I am looking at getting my first truck and want to get a truck that I can plow with and can also pull my trailer with my mowers on it in the summer is this a good jeep for that

http://www.cars.com/go/search/detail.jsp;?tracktype=usedcc&searchType=21&pageNumber=0&numResultsPerPage=50&largeNumResultsPerPage=0&sortorder=descending&sortfield=PRICE+descending&certifiedOnly=false&criteria=K-%7cE-%7cM-_23_%7cB-7000%7cN-N%7cR-30%7cI-1%2c7%7cP-PRICE+descending%7cQ-descending%7cZ-19352&aff=national&paId=136802947&recnum=8&leadExists=true


----------



## JeepTJ (Nov 4, 2006)

the_lawn_wizard;669436 said:


> I am looking at getting my first truck and want to get a truck that I can plow with and can also pull my trailer with my mowers on it in the summer is this a good jeep for that]

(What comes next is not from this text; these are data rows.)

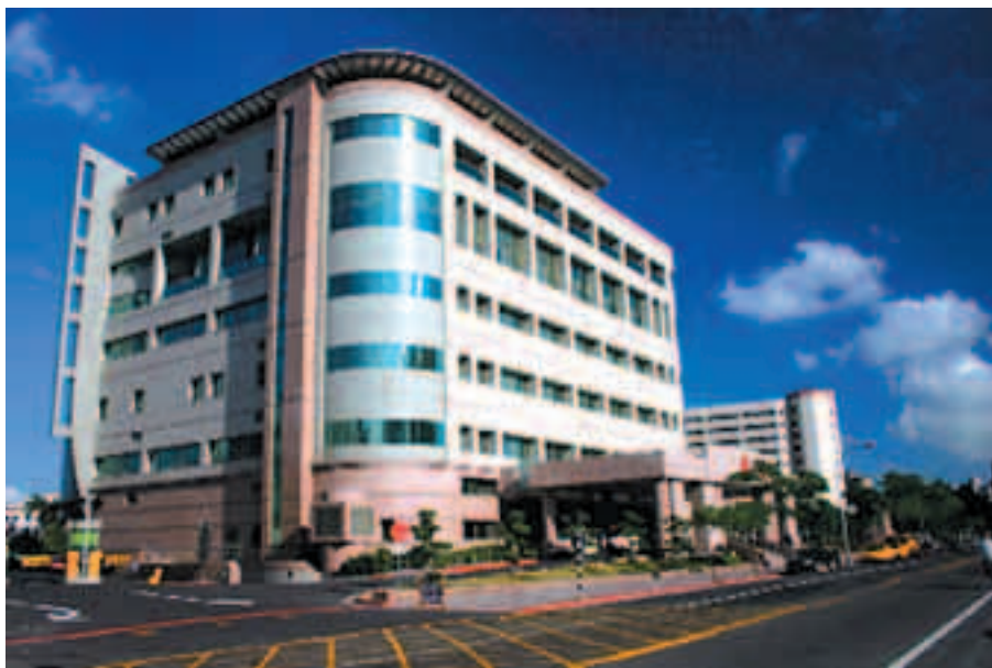
高雄榮總急診大樓

69年監察院內政小組，鑑於當時榮民總醫院正在興建臺中分院，造福中部榮民、榮眷及一般民眾，為加強南部地區民眾醫療照顧、促進醫學發展及提升醫學水準，乃建議將楠梓榮民醫院改建為更現代化榮總高雄分院，此為籌設榮總高雄
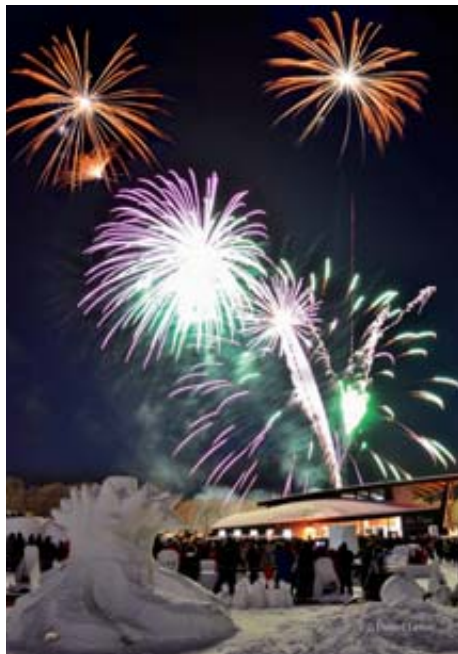
Le feu d'artifice du samedi soir attire toujours beaucoup de gens.

La Fête d'hiver de Saint-Jean-Port-Joli demeure l'évènement hivernal majeur sur la Côte-du-Sud. Les détails de la programmation se trouvent sur fete-hiver.com .
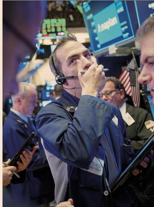
New York sugli scudi. Il Nasdaq, da un investitore europeo, risulta il miglior mercato del 2018 con un +15,44%
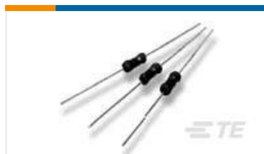
TE 产品编号7-1625890-0 2W SM M/OX 5% 82K
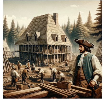
Image générée représentant la mission de Sainte-Marie-au-Pays-des-Hurons durant le 17 e siècle, montrant un site de construction animé avec des ouvriers et un homme habillé en charpentier colonial français supervisant les travaux.

charpentier, de premier colon de la Pointe-Lévy, d'interprète, de négociateur, de mari et de capitaine de milice tissent une trame narrative riche et complexe. Ce qui suit est une exploration de la vie de Couture, qui, à travers diverses époques et défis, a façonné l'histoire de la Nouvelle-France et laissé un héritage indélébile.
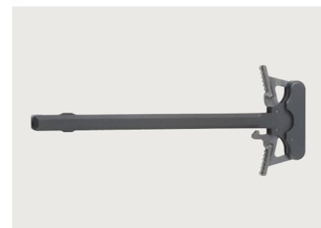
Beidseitig bedienbarer Durchladehebel Optional für Sportschützen. Ambidextrous charging handle Optionally for sport shooters.

Jeep Wranglers have a low tow rating (2000 lbs) unless you have an extended wheelbase version (Unlimited). The tow rating goes up to 3500 lbs. These are 2006 model specs. What is the GVWR of your trailer? What do you want to plow? How often?

The pictures of the Wrangler look nice. You would have to get rid of the Get Stuck-Again (GS-A) spare tire and put on snow tires for plowing though!!!

Fran


----------



## theplowmeister (Nov 14, 2006)

JeepTJ;669557 said:


> Jeep Wranglers have a low tow rating (2000 lbs) unless you have an extended wheelbase version (Unlimited). The tow rating goes up to 3500 lbs. These are 2006 model specs. What is the GVWR of your trailer? What do you want to plow? How often?
> 
> The pictures of the Wrangler look nice. You would have to get rid of the Get Stuck-Again (GS-A) spare tire and put on snow tires for plowing though!!!
> 
> Fran


that and the D30 rear axle wont last long towing a hevey trailer.


----------



## JeepTJ (Nov 4, 2006)

theplowmeister;669585 said:


> that and the D30 rear axle wont last long towing a hevey trailer.


True, True!!! At least the Unlimited's came with a D44 in the rear.


----------



## '76cj5 (Dec 12, 2003)

JeepTJ;669557 said:



> You would have to get rid of the Get Stuck-Again (GS-A) spare tire and put on snow tires for plowing though!!!
> Fran


Only those people that own that tire know what you mean.  My '08 came with those tires and I can get stuck on wet asphalt.


----------



## JeepTJ (Nov 4, 2006)

[QUOTE='76cj5;669938]Only those people that own that tire know what you mean.  My '08 came with those tires and I can get stuck on wet asphalt. [/QUOTE]

I thought it was on DRY asphalt!!! My current summer tires are RS/As (really stuck again). They will need to be replaced this summer for something better.

Fran


----------